How it lands in LoopRails

The mapping is short, because the framework was built around these failures.

  • The memory file is the checkpoint: read it at the start, write it at the end, keep it in version control, and a crashed run resumes from the last good state instead of relearning the task.
  • The verifier gates the retry, not the model, and retries are bounded by the iteration and spend caps, so a loop with no honest check cannot retry its way to a confident error.
  • Caps plus a circuit breaker stop runaway recovery, with the breaker tripping on dead dependencies and the no-progress signal before a retry storm becomes a cascade.
  • Irreversible actions get compensation and a human: idempotency before retryability, sagas with compensating actions, and a G3 gate where rollback is not enough.
  • The starter project already writes the trail you recover from: a memory file, an append-only audit log, and a metrics file, the durable state a resumed run reads and an operator inspects after a run is quarantined.

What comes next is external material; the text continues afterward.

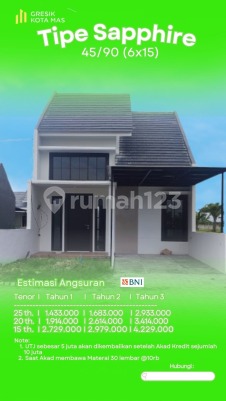 **GRESIK KOTA MAS – Rumah Impian Tanpa Beban!** # *RUMAH SIAP HUNI* # *DP 0%* # *FREE SEMUA BIAYA* # *CASHBACK TUNAI JUTAAN RUPIAH* # *SUBSIDI ANGSURAN SAMPAI DENGAN 24 BULAN* # *Cukup bawa 30 materai saat AKAD!* Dapatkan Bonus: # SHM # Canopy # Tandon Air 1m³ # Top Table Dapur +Sink # Tembok Belakang 1,5m **Transaksi Mudah:** * Booking Fee Rp 500rb * Acc Bank → Bayar UTJ Rp 4,5jt * UTJ **Dikembalikan 5–10 juta** setelah akad * **Subsidi angsuran 24 bulan** * Cicilan cuma **1 juta-an** Lokasi strategis – Fasilitas lengkap - Listrik Underground Promo Terbatas! Buruan booking! More info hub Wahyu 0857xxxxxxxx
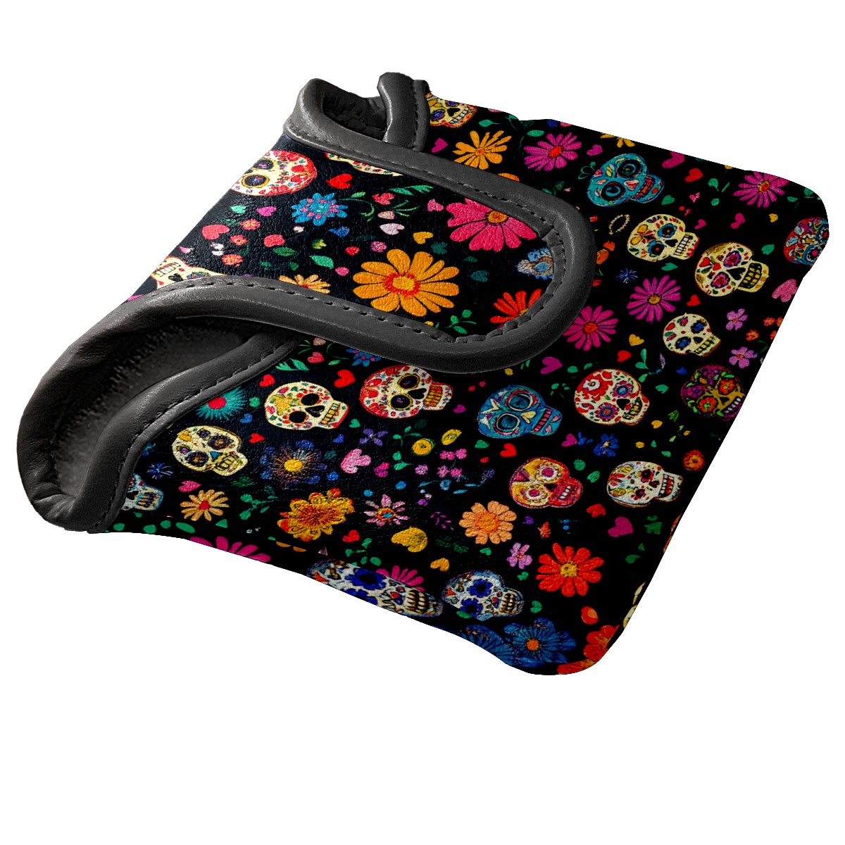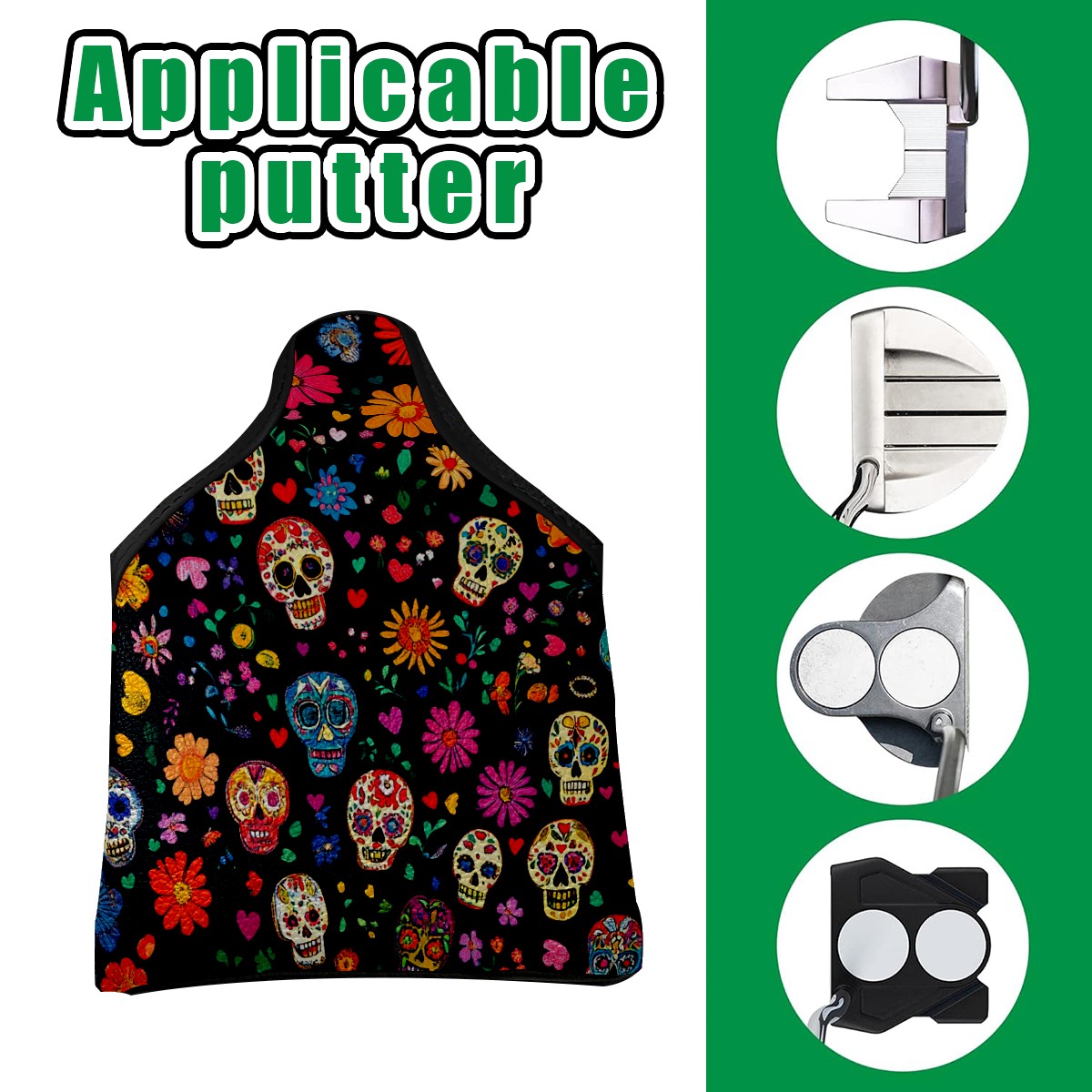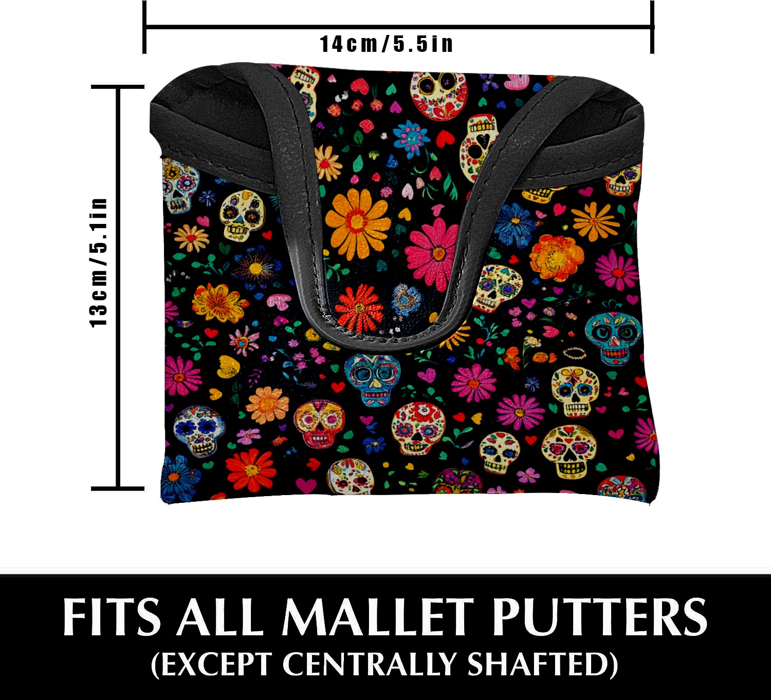 Professional Golf Club Head Covers Set for Mallet Putter - Waterproof Design with Stretchable Fit, Universal Club Protection for Men & Women (Colorful Sugar Skulls And Flowers)

Before you turn a loop loose unattended, the Kit guardrails checklist makes the recovery posture concrete: caps and a tested kill switch, a circuit breaker that trips on no progress, a rollback path that has actually been exercised, and an audit log captured for the full run. The evidence behind every claim here lives in the Loop Engineering Codex. The shortest honest test of a recovery design is the one most people skip: kill the process mid-action, on purpose, and see whether the next run picks up where it left off without re-doing what already happened. If it cannot, you have a loop that works in the demo and an incident waiting for the night no one is watching.